A Vivo está com inscrições abertas para o Programa de Estágio 2022, o maior já realizado pela companhia. Ao todo, são 750 vagas em 17 cidades: Belém (PA), Belo Horizonte (BH), Brasília (DF), Campinas (SP), Caxias (RS), Curitiba (PR), Florianópolis (SC), Fortaleza (CE), Londrina (PR), Osasco (SP), Porto Alegre (RS), Recife (PE), Rio de Janeiro (RJ), Salvador (BA), São Paulo (SP), Uberlândia (MG), Vitória (ES). E, reforçando seu compromisso com a diversidade, 50% das oportunidades são exclusivas para pessoas negras.

Os interessados precisam estar cursando o penúltimo ou último ano de formação, com graduação entre dezembro de 2022 e dezembro de 2023. Características como curiosidade, atitude digital, abertura e fazer acontecer com responsabilidade são essenciais. Para ser ainda mais inclusivo, não será exigido inglês. Também não há limite de idade, nem restrição de curso ou universidade.

Todos os inscritos participarão de uma trilha de desenvolvimento profissional e pessoal. Serão ofertados 20 cursos de temas variados, como habilidades do futuro, matriz de prioridades, Learning Agility, Pitch Pessoal (apresentação direta e curta), entre outros. Os conteúdos serão trabalhados em diferentes formatos, como texto, vídeo, podcast e lives.

Sobre o Programa  

O processo seletivo será 100% digital e contará com teste de fit cultural, vídeo desafio, painéis com dinâmicas e entrevistas individuais. A bolsa auxílio é compatível com o mercado e os selecionados contarão com o VIBE, o programa de benefícios flexíveis da companhia, que possui uma extensa lista de vantagens adaptáveis às necessidades de cada estagiário, como vale refeição e transporte; plano de saúde e odontológico; seguro de vida e Gym Pass para academias. Além disso, a empresa oferece outros diferenciais como programa de idiomas; day off de aniversário; smartphone com plano de voz e dados ilimitados; oferta exclusiva com descontos em linha fixa, banda larga, TV e apps gratuitos; e todos os estagiários também poderão trabalhar remotamente duas vezes por semana.

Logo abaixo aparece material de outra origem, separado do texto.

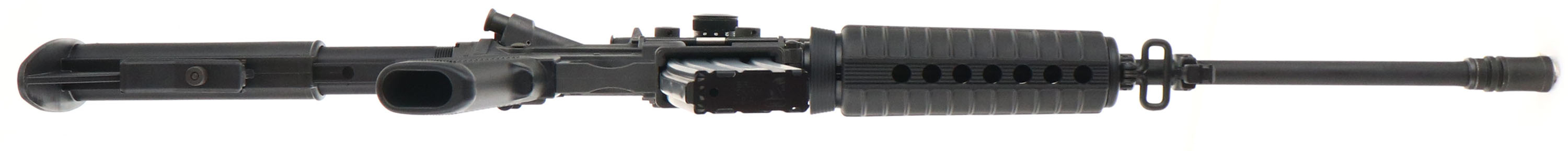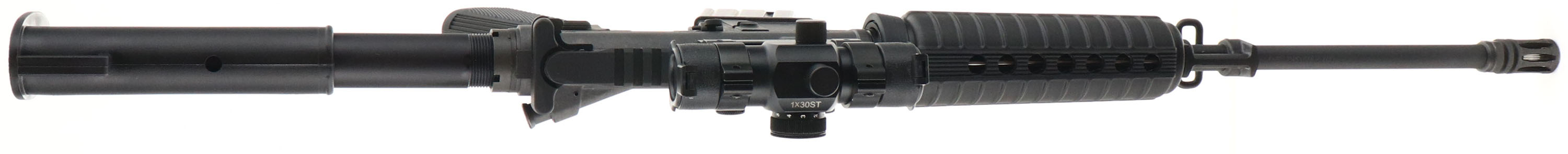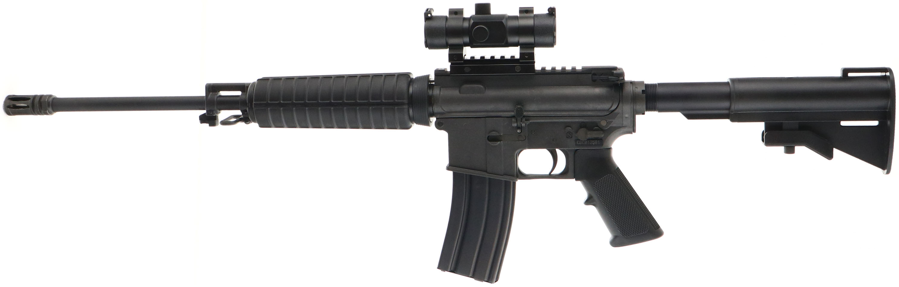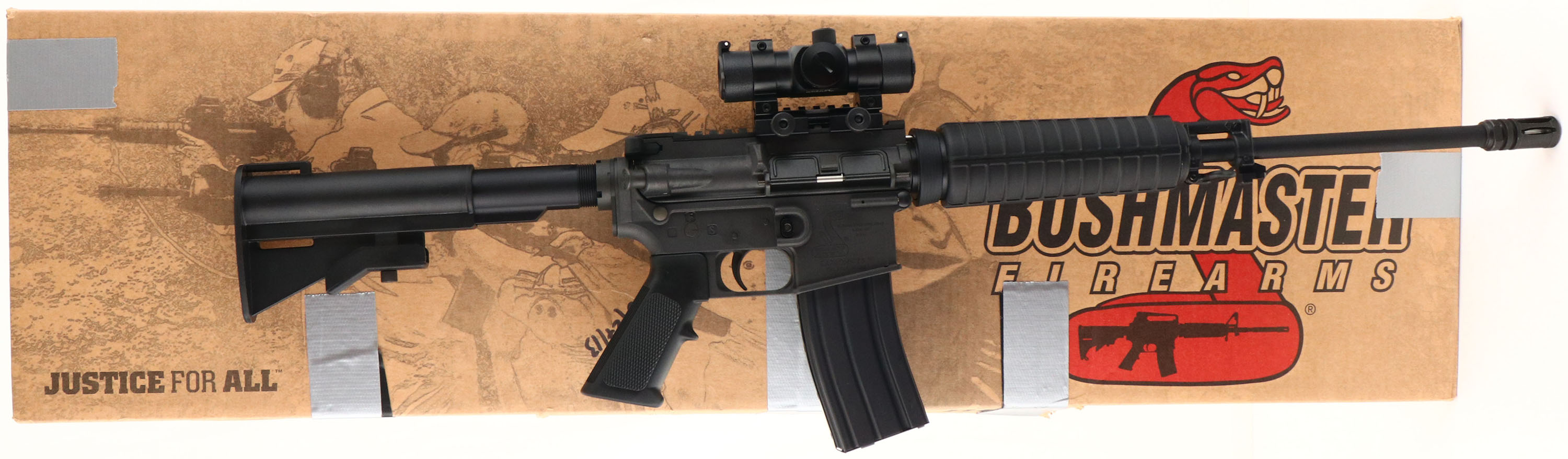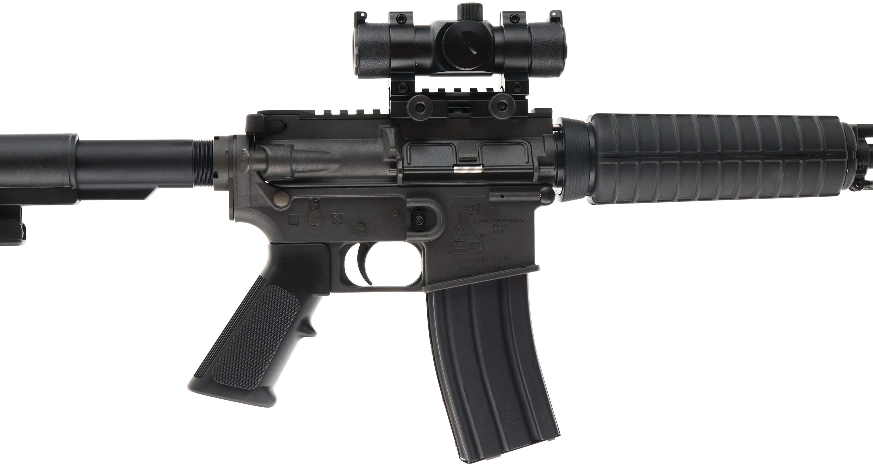 BOXED Bushmaster, Carbon 15 Optic Ready, CAL: 5.56mm or 223 MFG: Modern, SN: CBC013581, Semi Auto, 16'' 1/9 twist barrel, 17 1/2'' when including the muzzle brake. Originally developed by Professional Ordnance & later picked up in the Bushmaster line. Durable Carbon 15 composite receivers are an amazing 40% lighter than comparable aircraft aluminum receivers. The LOP slide adjustable 6-Position molded synthetic & pistol grip are excellent. Shortened A2 style forearm. The factory metal black finishes are excellent. 7'' Picatinny rail carries a new Red Dot 1X30ST sight/scope. Bore is excellent. Threaded barrel carries a bird cage hinder. Rifle carries a 30 round factory mag. Comes with the original box, with Sling, Operator Safety Manual, Chamber Flag & Gun Safety Lock. Overall excellent. FFL Req. - Value: 600 to 850
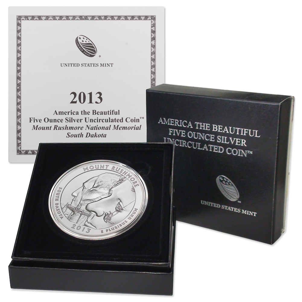 2013-P 5 oz 25c Silver America the Beautiful - Mount Rushmore BU w/ Box & CoA
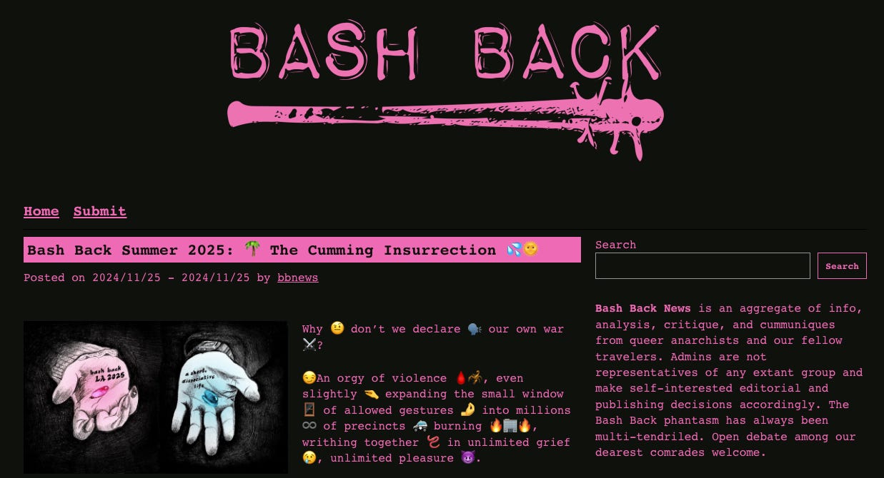 Bash Back is Back: The Violent Queer Insurrection Reconstitutes for 2025 and Beyond
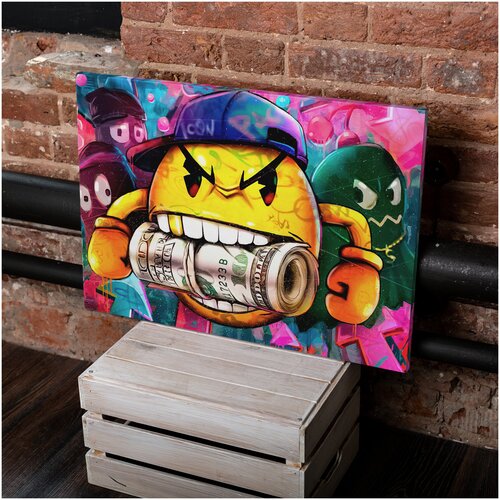 Картина мотивация на холсте "Успешный и суровый Pac-Man" для интерьера дома, офиса, в гостиную, в прихожую граффити / Пак ман с деньгами, смайлик
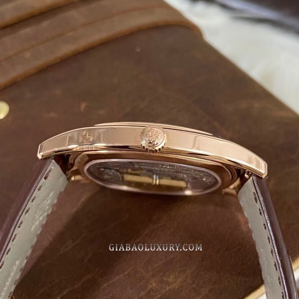 Patek Philippe 5940R-001 là một chiếc đồng hồ đẹp, đẹp ở mặt chức năng phức tạp và đẹp ở phần hoàn thiện tinh tế. Màu sắc cổ điển bao trùm thiết kế của mẫu đồng hồ. Ở đó, những cọc chỉ giờ đều dạng số Breguet bằng vàng hồng được đính nổi và được đặt bên trong những chấm chỉ phút nhỏ bé đã được hoàn thiện sáng bóng.
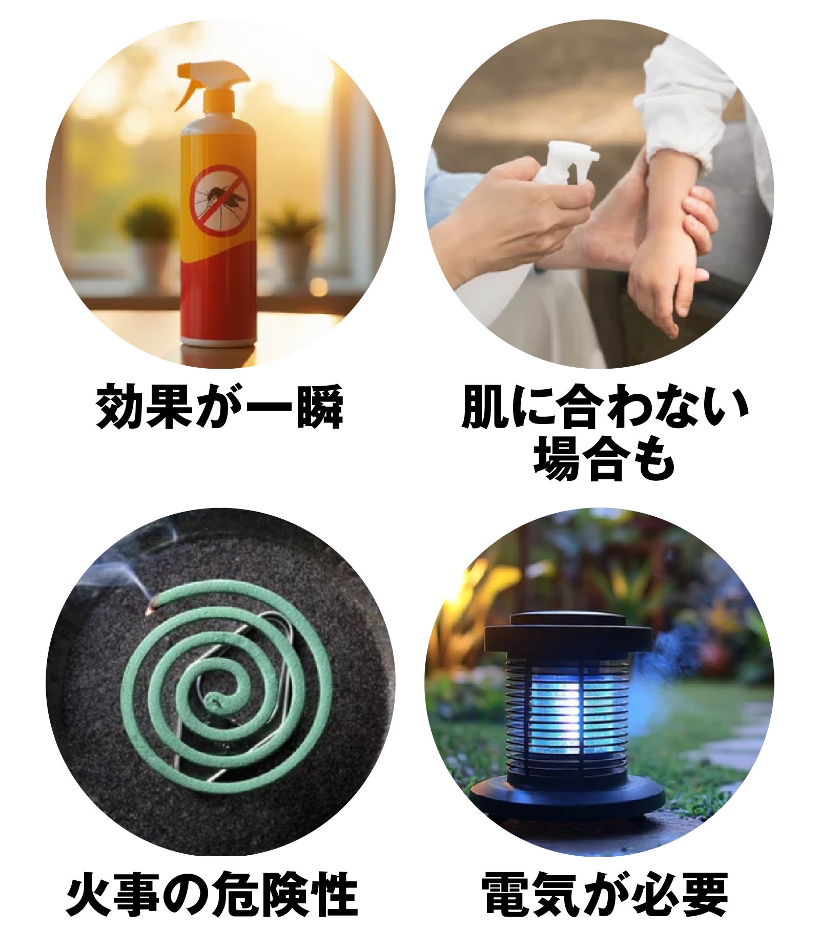 しかし、薬品である防虫スプレーは肌に合わなかったり、持続時間が短かったりと問題点も。
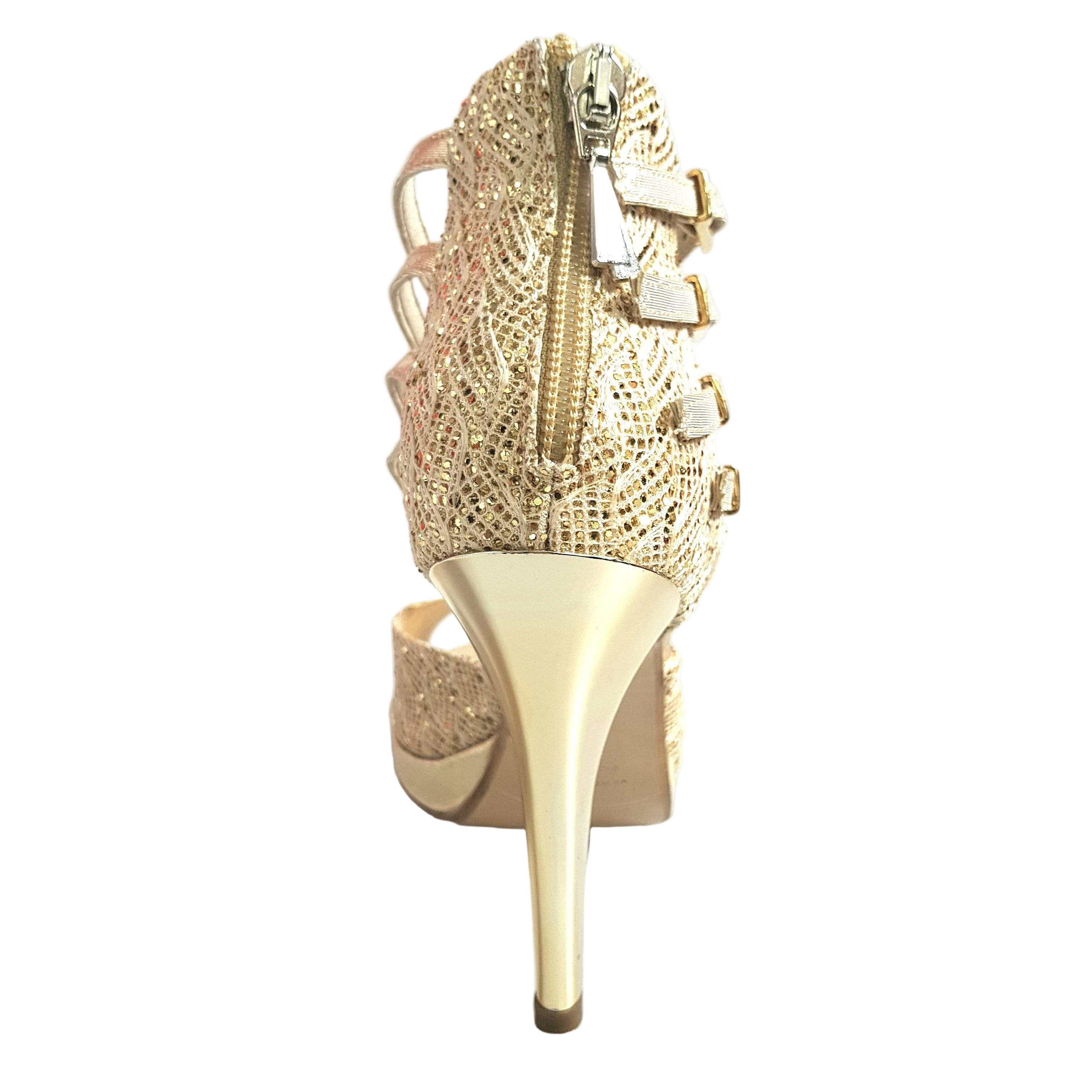 Lussuria (779) - Woman's Shoe in Gold Lace with Platform and Stiletto Heel and Plateau
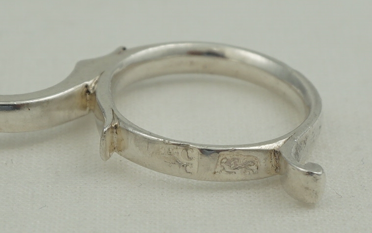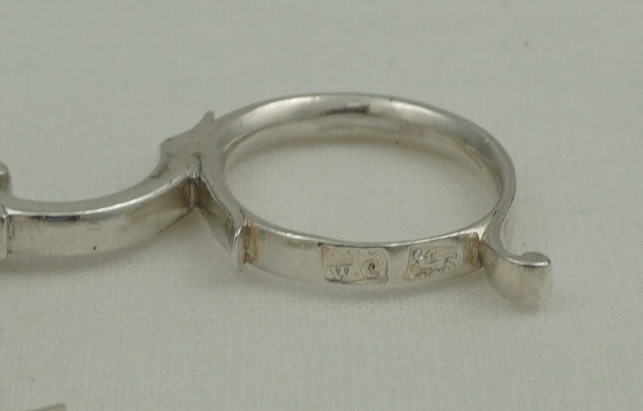 CONDITION | good but cast silver like this is brittle and will break. I can see one excellently executed repair within a 'C' scroll to one shaft and lower quality work to the solder joints between the box hinge and one arm and one shaft. Box hinge appears to have been hit with a large hammer as the surface is no longer perfectly flat. Box hinges wear resulting in floppy action. The action of this pair is good. The hammer blow is a legitimate and effective, although rather crude, method of correcting hinge play. |
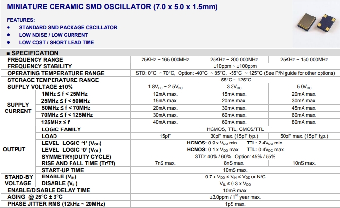 | OCETDLJANF-25.000000 | Taitien | OC | XO (Standard) | 25 MHz | CMOS | 3.3V | ±25ppm |
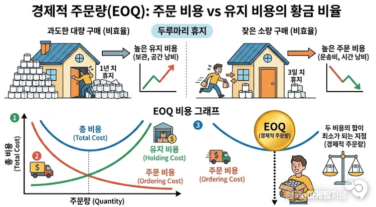 공장에서 물건을 만들기 위해 원자재를 주문할 때는 크게 두 가지 비용이 발생한다. 첫째는 주문할 때마다 드는 서류 작업, 운송비, 하역비 같은 주문 비용이다. 둘째는 사온 원자재를 창고에 보관하면서 발생하는 임대료, 보험료, 창고 관리비, 그리고 그 돈을 은행에 넣었을 때 받을 수 있는 이자를 포기하는 기회비용을 합친 유지 비용이다.
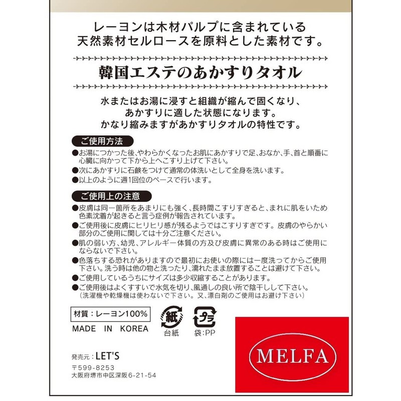 - 天然セルロースを原料とした素材なのでお肌にやさしいタオルです。
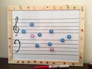 マグネットで音符の勉強ができるものを作りました。
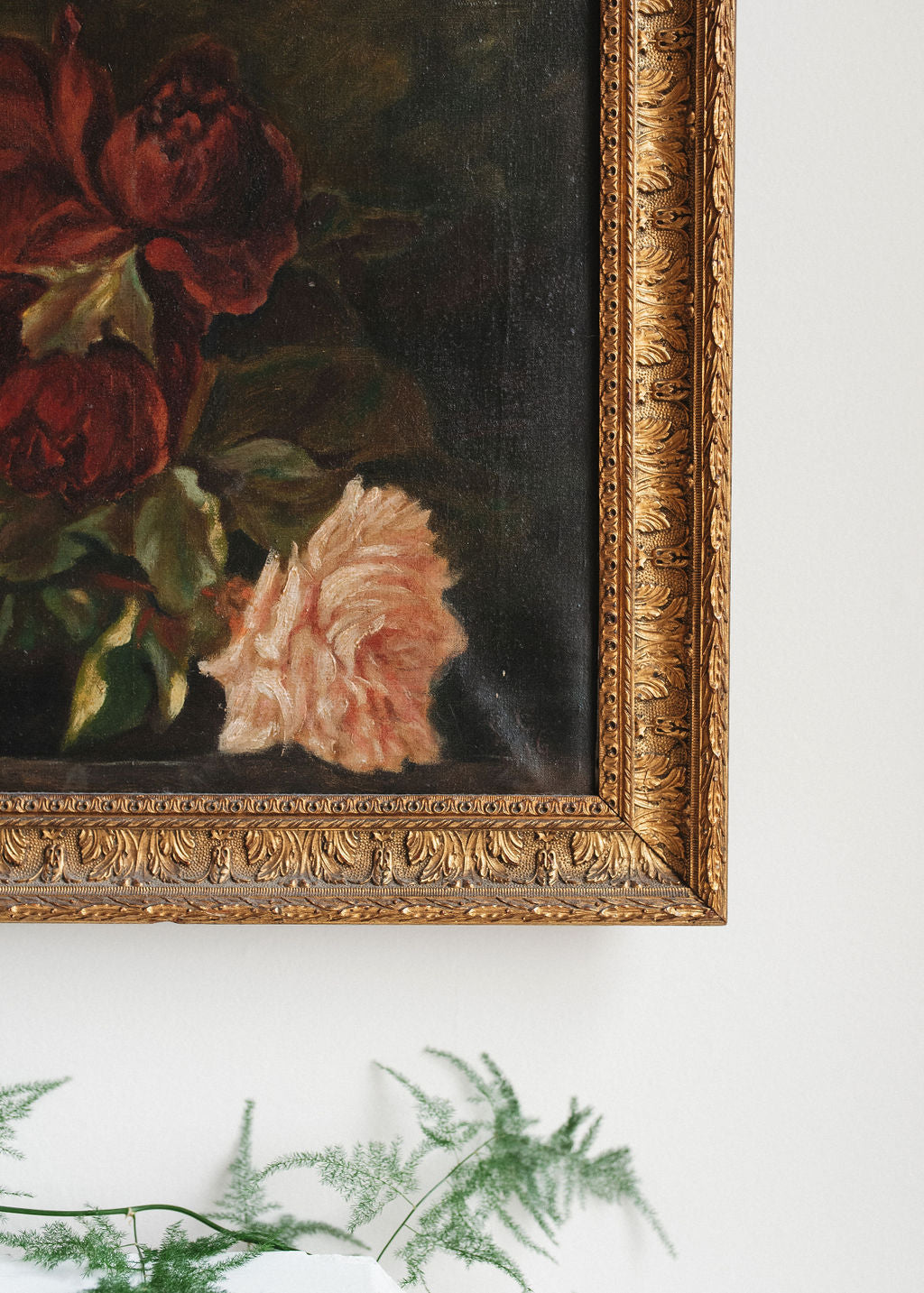 This beautiful old English Rose Oil Painting is set in its original gold gilt frame. The piece is signed and dated 1916 and is a perfect example of the post Edwardian art in the pre World War I period.
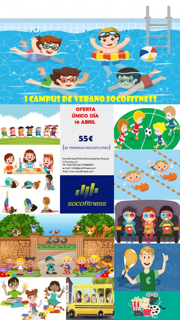 Actividades para niños y niñas de entre 3 y 16 años. Incluyen natación en piscina, pádel, fútbol, juegos populares, baloncesto, manualidades, voleibol, baile y fitness. Actividades niveladas y por grupos de edad.
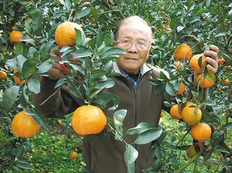 大溪觀光果園業者陳順榮建議遊客,摘採柑橘時,宜挑選果實圓胖、果皮金黃、橙色,果實底部凹陷,沈重有分量的最佳。
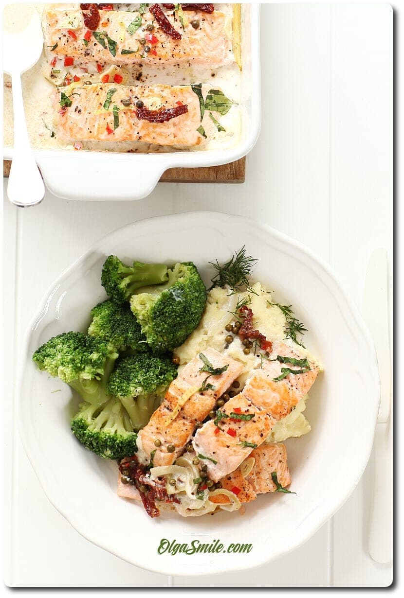 - Łosoś w kremowym sosie smakuje świetnie podany również z ryżem lub jak u mnie z ziemniakami puree, które cudownie wchłaniają cały sos śmietanowy, ten który powstał w czasie pieczenia ryby.

Os estagiários de São Paulo poderão aproveitar ainda o espaço de bem-estar na sede da Vivo, no edifício Eco Berrini, quase 600 m² dedicados integralmente à saúde, com equipe multidisciplinar de acupunturistas, psicólogos, nutricionistas, fisioterapeutas, sala para meditação, yoga, incluindo a clínica Albert Einstein. Os atendimentos estarão disponíveis também de forma online, para quem ficar alocado fora da capital paulista, exceto o de acupuntura.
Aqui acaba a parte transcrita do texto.